> **Information supplied**:
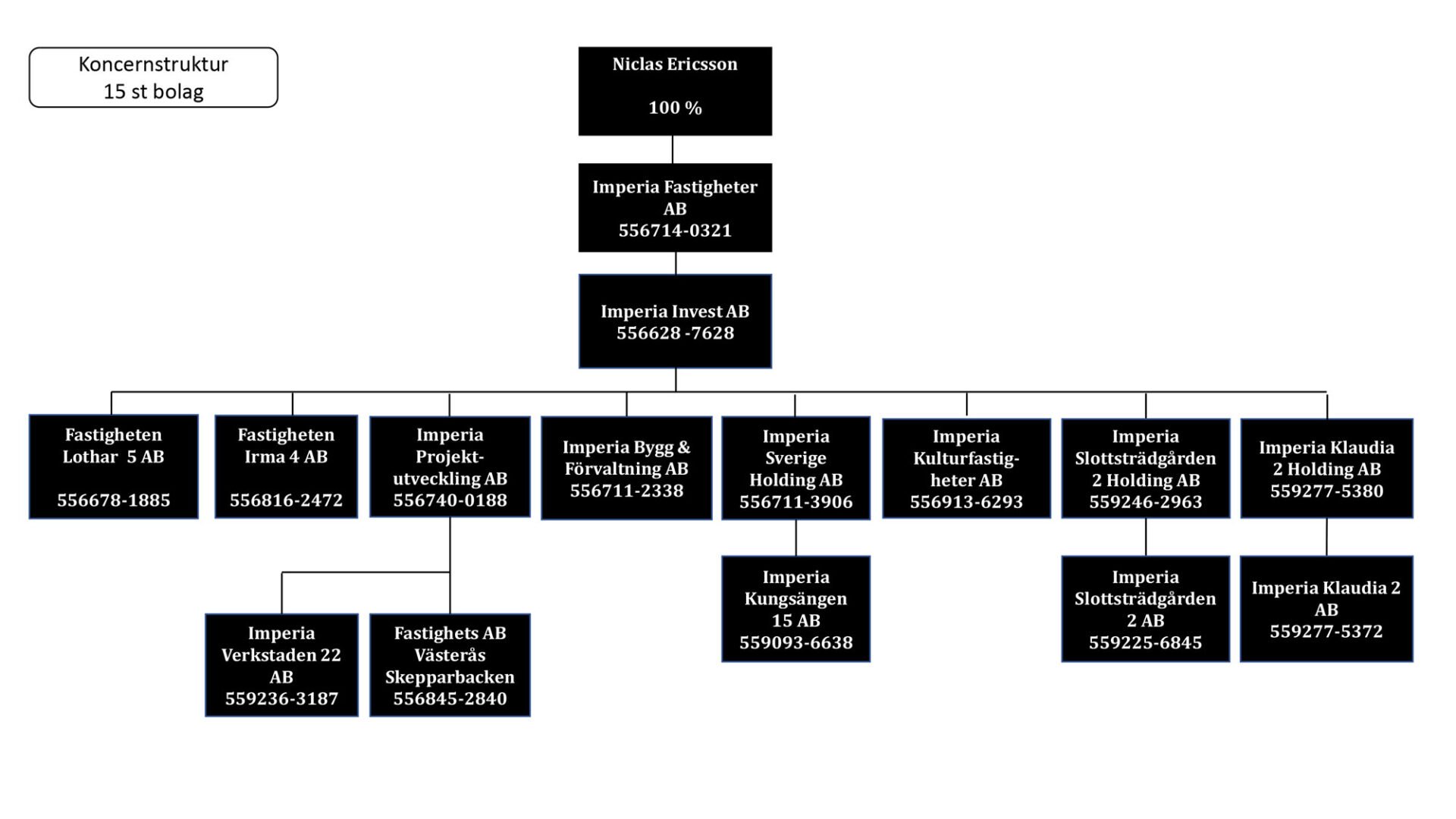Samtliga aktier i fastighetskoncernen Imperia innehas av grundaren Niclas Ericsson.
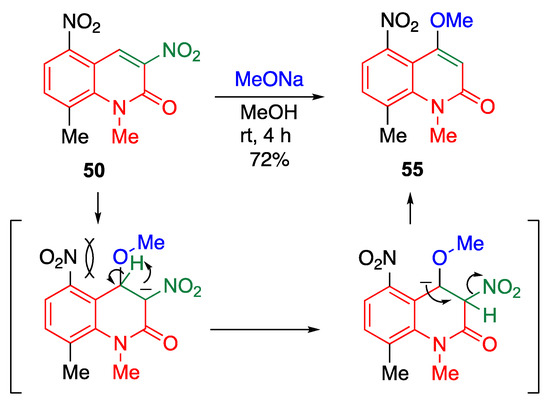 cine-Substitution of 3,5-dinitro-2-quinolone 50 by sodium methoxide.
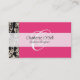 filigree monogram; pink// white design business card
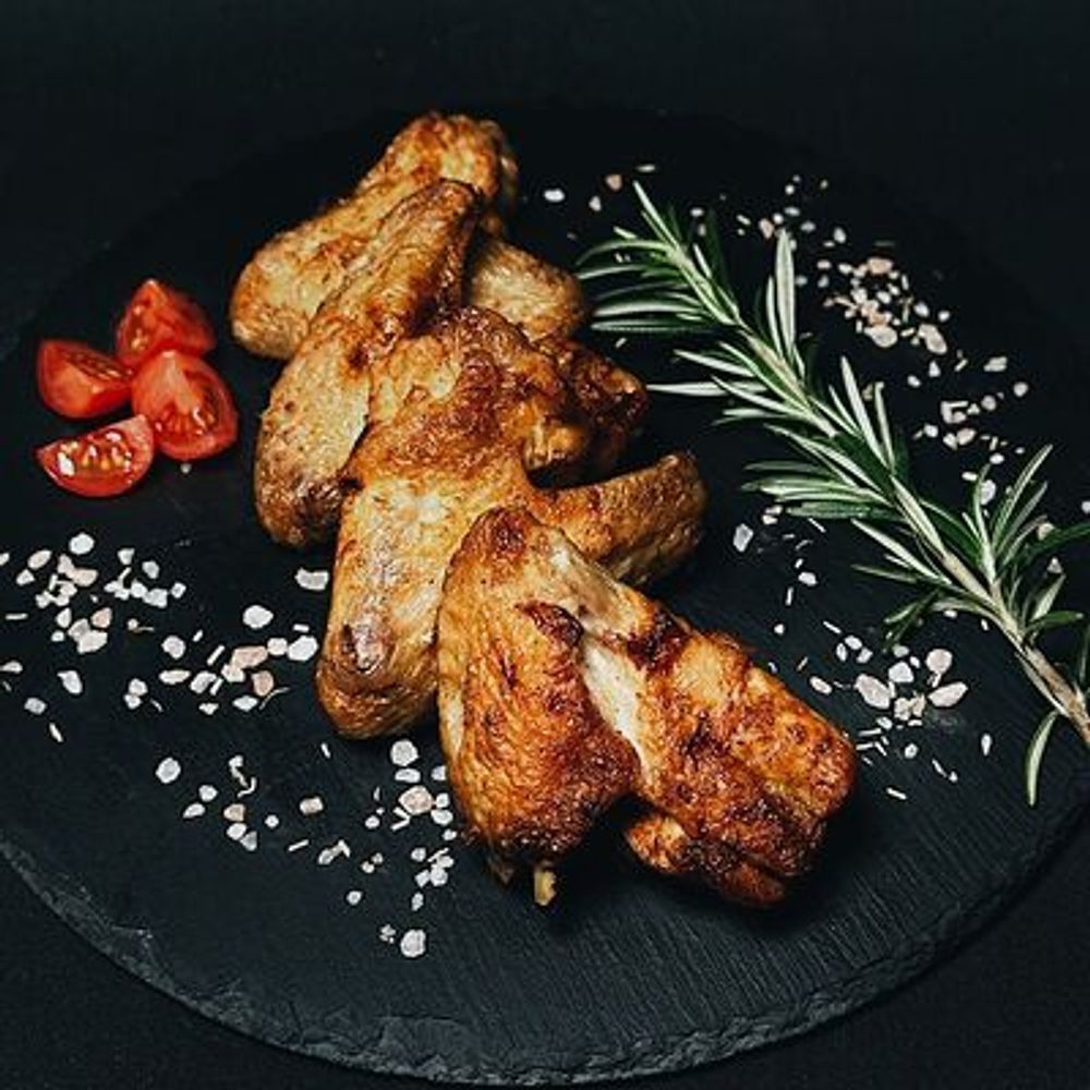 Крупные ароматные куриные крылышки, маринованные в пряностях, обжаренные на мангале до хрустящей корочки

--

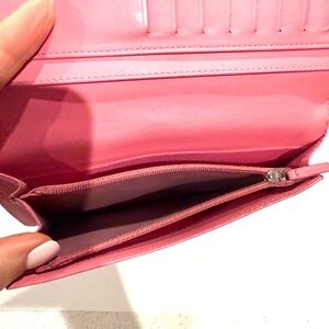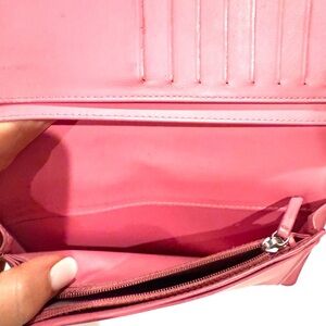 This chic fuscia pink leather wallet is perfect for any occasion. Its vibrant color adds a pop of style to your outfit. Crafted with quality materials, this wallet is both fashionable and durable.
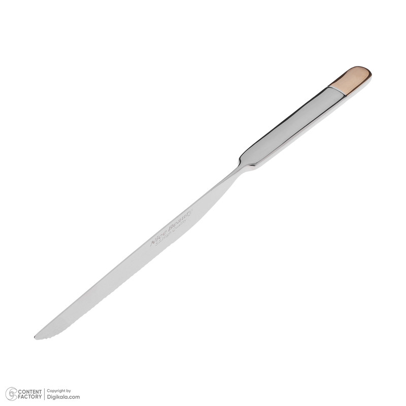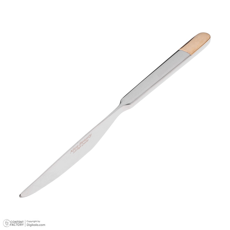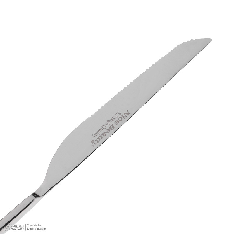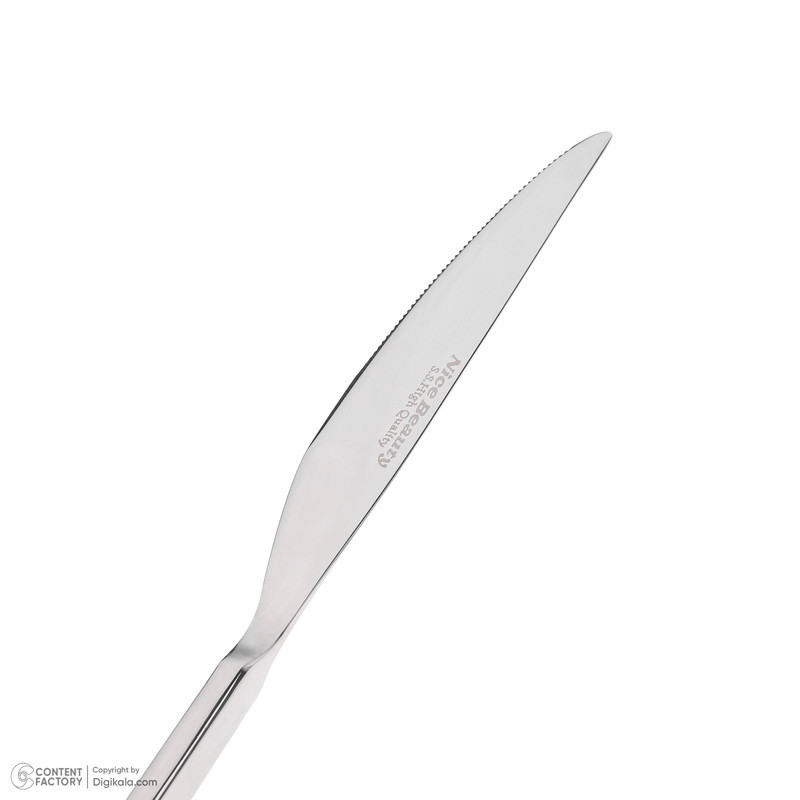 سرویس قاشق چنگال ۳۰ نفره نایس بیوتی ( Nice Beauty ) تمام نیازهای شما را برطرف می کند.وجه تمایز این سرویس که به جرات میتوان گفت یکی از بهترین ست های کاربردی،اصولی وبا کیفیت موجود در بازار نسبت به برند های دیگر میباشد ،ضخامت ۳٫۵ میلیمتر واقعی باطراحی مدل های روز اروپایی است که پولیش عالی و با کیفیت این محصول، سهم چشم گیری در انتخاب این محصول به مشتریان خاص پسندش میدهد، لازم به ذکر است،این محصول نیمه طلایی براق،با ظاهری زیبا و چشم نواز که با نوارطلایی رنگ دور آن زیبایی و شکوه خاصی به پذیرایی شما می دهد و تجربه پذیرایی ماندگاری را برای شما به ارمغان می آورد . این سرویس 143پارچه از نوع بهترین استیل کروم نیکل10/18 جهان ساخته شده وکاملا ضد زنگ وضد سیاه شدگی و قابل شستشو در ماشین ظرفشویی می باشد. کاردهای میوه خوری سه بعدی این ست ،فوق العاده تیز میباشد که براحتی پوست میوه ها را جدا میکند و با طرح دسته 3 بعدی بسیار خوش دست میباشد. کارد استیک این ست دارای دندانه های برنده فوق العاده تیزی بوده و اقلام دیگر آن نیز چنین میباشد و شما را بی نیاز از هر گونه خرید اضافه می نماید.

> **What is being asked**:
Reproduce exactly the lines above that run from the one with "cine-Substitution of 3,5-dinitro-2-quinolone" to the one with "Крупные ароматные куриные", both included, leaving pictures out.

> **Answer to this problem**:
 cine-Substitution of 3,5-dinitro-2-quinolone 50 by sodium methoxide.
 filigree monogram; pink// white design business card
 Крупные ароматные куриные крылышки, маринованные в пряностях, обжаренные на мангале до хрустящей корочки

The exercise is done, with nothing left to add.